Your instructions
Within the material below, transcribe exactly the lines from the one holding "右)タカちゃんのお顔よりも大きいマツボックリ、すごいね。" through the one holding "Departamento de dos", keeping both ends and skipping the rest.

Excerpted records
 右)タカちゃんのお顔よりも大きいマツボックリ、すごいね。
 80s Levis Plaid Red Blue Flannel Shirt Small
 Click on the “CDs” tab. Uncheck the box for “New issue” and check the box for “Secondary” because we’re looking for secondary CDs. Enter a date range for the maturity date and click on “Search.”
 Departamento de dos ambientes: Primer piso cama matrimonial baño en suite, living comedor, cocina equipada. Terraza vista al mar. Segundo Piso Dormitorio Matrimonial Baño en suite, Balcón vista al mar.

--

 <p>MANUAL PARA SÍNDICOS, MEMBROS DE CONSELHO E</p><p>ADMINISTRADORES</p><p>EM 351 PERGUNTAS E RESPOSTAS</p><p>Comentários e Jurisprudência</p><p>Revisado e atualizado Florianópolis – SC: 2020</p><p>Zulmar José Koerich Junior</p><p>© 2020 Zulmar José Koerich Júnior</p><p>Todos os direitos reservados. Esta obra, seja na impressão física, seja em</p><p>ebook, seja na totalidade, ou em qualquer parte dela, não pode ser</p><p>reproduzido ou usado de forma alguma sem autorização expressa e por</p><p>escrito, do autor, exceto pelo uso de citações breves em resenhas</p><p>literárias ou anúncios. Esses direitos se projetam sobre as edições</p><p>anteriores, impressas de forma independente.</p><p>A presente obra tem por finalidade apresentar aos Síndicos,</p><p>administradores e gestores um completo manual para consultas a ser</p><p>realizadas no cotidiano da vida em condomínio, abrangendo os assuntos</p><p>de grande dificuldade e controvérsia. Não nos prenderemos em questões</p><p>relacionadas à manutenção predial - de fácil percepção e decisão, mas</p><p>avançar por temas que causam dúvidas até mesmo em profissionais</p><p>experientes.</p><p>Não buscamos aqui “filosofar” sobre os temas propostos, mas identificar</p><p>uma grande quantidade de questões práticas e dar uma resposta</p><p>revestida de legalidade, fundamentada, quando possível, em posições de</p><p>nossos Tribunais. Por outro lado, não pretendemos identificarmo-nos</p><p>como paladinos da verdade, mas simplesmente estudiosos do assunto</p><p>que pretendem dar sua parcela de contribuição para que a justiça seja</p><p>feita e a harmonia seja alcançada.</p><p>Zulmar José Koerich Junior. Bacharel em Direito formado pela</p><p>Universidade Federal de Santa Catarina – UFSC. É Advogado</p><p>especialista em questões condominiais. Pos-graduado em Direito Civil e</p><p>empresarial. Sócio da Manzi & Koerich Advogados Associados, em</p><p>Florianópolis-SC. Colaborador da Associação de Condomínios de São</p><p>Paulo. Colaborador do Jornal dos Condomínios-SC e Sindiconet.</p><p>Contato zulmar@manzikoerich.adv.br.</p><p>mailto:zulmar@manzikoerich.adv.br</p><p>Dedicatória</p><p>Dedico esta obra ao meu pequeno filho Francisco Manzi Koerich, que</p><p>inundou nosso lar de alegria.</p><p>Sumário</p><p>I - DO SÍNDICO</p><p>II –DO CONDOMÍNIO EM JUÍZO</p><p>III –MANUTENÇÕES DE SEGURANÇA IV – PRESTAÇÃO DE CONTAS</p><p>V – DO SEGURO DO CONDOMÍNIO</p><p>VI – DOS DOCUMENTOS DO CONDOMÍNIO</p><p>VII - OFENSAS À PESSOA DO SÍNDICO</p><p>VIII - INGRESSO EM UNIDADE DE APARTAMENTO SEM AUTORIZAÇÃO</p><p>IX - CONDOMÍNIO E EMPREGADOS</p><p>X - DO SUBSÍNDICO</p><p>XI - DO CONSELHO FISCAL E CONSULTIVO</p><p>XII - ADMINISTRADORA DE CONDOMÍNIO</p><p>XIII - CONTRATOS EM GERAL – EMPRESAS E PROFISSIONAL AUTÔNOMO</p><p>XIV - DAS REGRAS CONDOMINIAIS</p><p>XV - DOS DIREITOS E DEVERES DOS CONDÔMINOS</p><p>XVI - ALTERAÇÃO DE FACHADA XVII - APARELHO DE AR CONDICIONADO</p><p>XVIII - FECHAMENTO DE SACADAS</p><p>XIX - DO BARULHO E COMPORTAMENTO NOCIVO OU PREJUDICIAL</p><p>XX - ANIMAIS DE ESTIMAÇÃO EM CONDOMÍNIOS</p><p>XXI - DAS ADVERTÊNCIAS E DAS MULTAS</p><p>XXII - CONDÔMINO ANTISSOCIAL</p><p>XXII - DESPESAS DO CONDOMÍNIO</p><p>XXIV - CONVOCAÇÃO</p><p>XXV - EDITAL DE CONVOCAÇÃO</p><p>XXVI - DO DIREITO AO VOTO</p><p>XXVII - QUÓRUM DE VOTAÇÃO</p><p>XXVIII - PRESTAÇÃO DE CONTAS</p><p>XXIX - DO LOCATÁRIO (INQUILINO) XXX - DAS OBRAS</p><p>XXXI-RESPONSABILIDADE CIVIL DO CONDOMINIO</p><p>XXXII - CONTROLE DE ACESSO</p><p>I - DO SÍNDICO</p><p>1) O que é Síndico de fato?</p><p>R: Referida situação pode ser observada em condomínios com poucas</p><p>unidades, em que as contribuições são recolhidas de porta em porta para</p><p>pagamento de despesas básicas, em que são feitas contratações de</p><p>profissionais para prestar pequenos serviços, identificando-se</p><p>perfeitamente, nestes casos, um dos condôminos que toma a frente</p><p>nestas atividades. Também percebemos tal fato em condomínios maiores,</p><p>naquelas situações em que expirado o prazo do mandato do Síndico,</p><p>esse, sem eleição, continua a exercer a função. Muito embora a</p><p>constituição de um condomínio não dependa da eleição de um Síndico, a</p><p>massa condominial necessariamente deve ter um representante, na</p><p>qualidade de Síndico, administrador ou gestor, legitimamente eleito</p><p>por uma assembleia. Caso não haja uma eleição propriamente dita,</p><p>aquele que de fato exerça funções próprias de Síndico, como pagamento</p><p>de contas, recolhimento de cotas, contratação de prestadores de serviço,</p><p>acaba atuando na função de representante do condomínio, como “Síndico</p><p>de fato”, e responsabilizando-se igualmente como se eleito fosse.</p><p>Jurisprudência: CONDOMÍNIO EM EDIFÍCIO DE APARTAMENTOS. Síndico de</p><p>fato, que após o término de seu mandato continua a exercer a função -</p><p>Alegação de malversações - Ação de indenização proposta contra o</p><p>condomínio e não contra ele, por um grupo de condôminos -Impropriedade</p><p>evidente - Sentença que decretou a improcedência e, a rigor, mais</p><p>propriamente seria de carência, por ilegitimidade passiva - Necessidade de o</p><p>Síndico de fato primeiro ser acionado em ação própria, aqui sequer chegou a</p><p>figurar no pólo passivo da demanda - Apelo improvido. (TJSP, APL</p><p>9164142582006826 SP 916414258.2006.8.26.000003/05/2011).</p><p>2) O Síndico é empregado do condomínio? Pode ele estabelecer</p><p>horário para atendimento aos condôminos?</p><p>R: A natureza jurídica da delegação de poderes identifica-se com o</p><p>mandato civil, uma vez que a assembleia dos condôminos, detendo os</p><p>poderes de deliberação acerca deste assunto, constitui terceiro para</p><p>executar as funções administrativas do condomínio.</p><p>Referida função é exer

Written response
 右)タカちゃんのお顔よりも大きいマツボックリ、すごいね。
 80s Levis Plaid Red Blue Flannel Shirt Small
 Click on the “CDs” tab. Uncheck the box for “New issue” and check the box for “Secondary” because we’re looking for secondary CDs. Enter a date range for the maturity date and click on “Search.”
 Departamento de dos ambientes: Primer piso cama matrimonial baño en suite, living comedor, cocina equipada. Terraza vista al mar. Segundo Piso Dormitorio Matrimonial Baño en suite, Balcón vista al mar.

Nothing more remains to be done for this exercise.